My lighting consists of a 2AA battery pack wired to 4 red and 2 yellow flickering LEDs wired in parallel. A 2 inch diameter hole is drilled in the bottom of each pumpkin for access. This lighting is designed to provide the illusion of a fire burning inside the pumpkin instead of a candle. I'll probably go back an modify the pumpkin base to integrate the lighting into it with the battery pack and switch mounted on the underside of the base and the LEDs on the top side, where the hole in the bottom of the pumpkin will expose them to the inside of the pumpkin.

The upper upright section of the signpost is made of a 1.5 foot length instead of 1 foot, as I feel a 1 foot length makes the upper section appear a bit cramped. This also allows me space to mount different or extra signs to mark the start and end of the trail as well.

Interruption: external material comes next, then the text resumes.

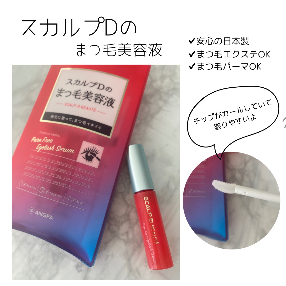 - スカルプDまつ毛美容液はまつ毛にハリコシを与えて、美しいまつ毛をしっかりキープ。 スカルプD独自開発のラッシュDカプセル配合で、角質層まで直接浸透。 より健やかな愛されまつ毛に導きます♪ 使いやすさ・やさしさにこだわった、ふわふわカールチップ採用で根元からも塗りやすく、敏感な目元にやさしい使い心地です。 シリコン、オイル、アルコール(エタノール)、防腐剤(パラベン)、香料、合成着色料、界面活性剤、プロスタグランジン類似物質の8つの成分不使用の“ピュアフリー設計”を実現。 まつ毛エクステ、まつ毛パーマにもご使用いただけます。

As for the street signs, I hit up a local pallet manufacturer for some broken planks from pallets they repair. This provided me with lumber with a naturally broken pointy end to provide directionality, so the signposts will point folks in the direction they need to go. Also, finally! A part for the prop that was free! 

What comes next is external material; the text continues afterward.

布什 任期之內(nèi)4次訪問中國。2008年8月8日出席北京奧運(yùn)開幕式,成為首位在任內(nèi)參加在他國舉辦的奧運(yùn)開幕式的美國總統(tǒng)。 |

For the signs, I didn't use any sort of brackets. Instead, I used aluminum pipe strapping, which comes in strips or rolls with a hole punched every inch or so. You just cut it to the length you need and screw it into the boards. I'm also contemplating the use of skeletal forearms pointing the way to enhance the pointy signs.

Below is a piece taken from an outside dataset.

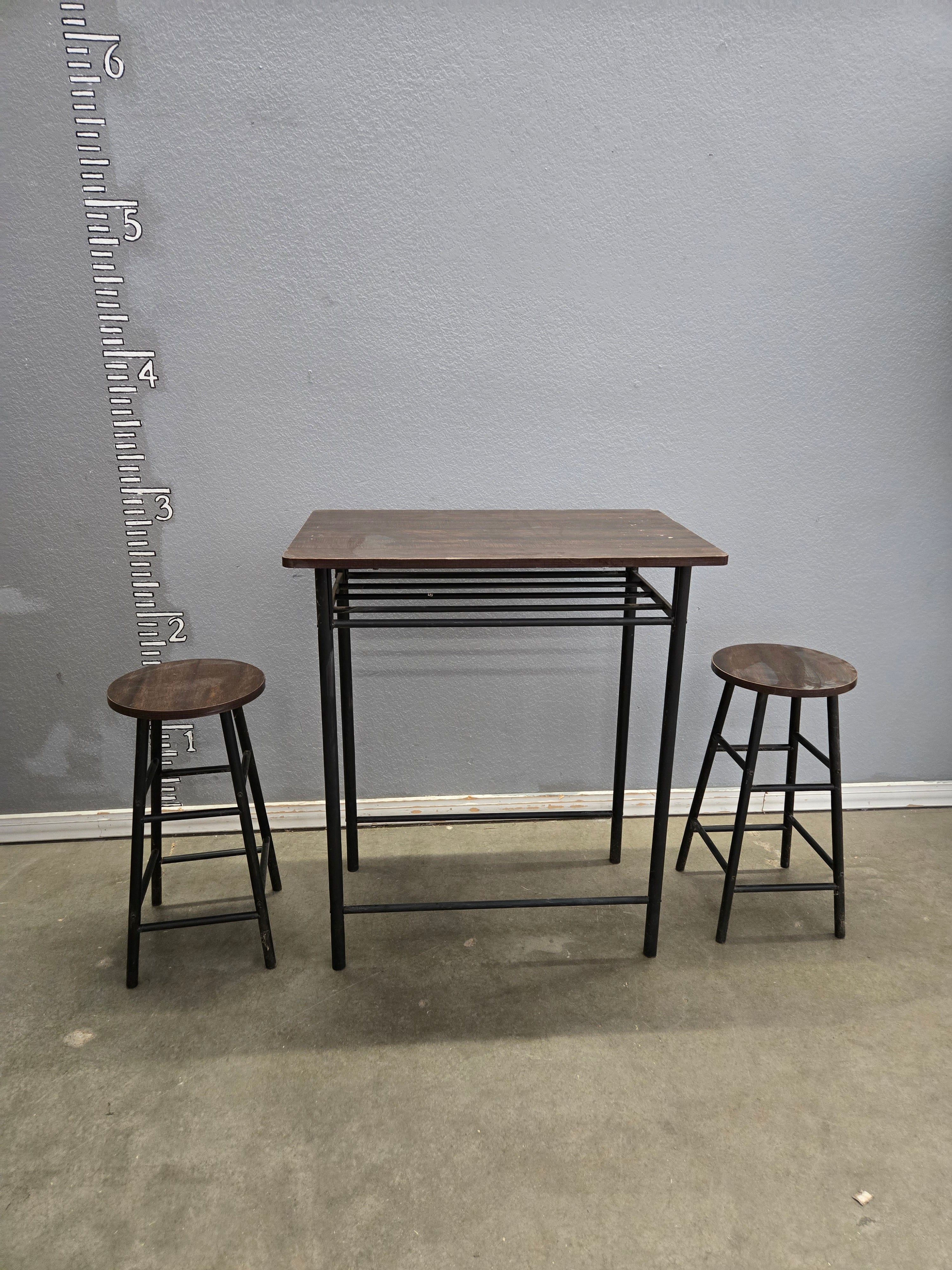 This charming bistro table set features a rustic brown wood finish with black metal legs, providing a sturdy yet stylish addition to your space. The set includes a rectangular table and two matching stools, perfect for small dining areas or as a casual setup in your kitchen or patio. Approximate Size: 3 x 2 x 1.5

For the bottom base, I mounted a 1 1/2 inch ABS pipe cap to a 1.5 foot square panel of plywood with a screw, then built a temporary 6 inch deep box around the plywood panel. I places a 5 inch section of 1 1/2 inch ABS pipe and a matching pipe coupler into the pipe cap attached to the plywood and then filled the box with concrete. Once dried, I removed the temporary box and could attach the signpost to the concrete block using the pipe coupler. In the off season, the signposts can be removed and and placed in the rafters, while the concrete bases can be stacked in a corner.

I've got two more of these to make. #2 will use 3 60-degree elbows and #3 will use 4 90-degree elbows. Again, a lack of uniformity enhances the concept. I also plan to use some of the scrap pipe to experiment with heat guns, to see if the ABS pipe will retain curvature the same way PVC does. I'll post pics of my own from the build of #2.


----------



## hallowicked (Mar 27, 2013)

Figured I would give this a bump seeing as we only have a month to go.


----------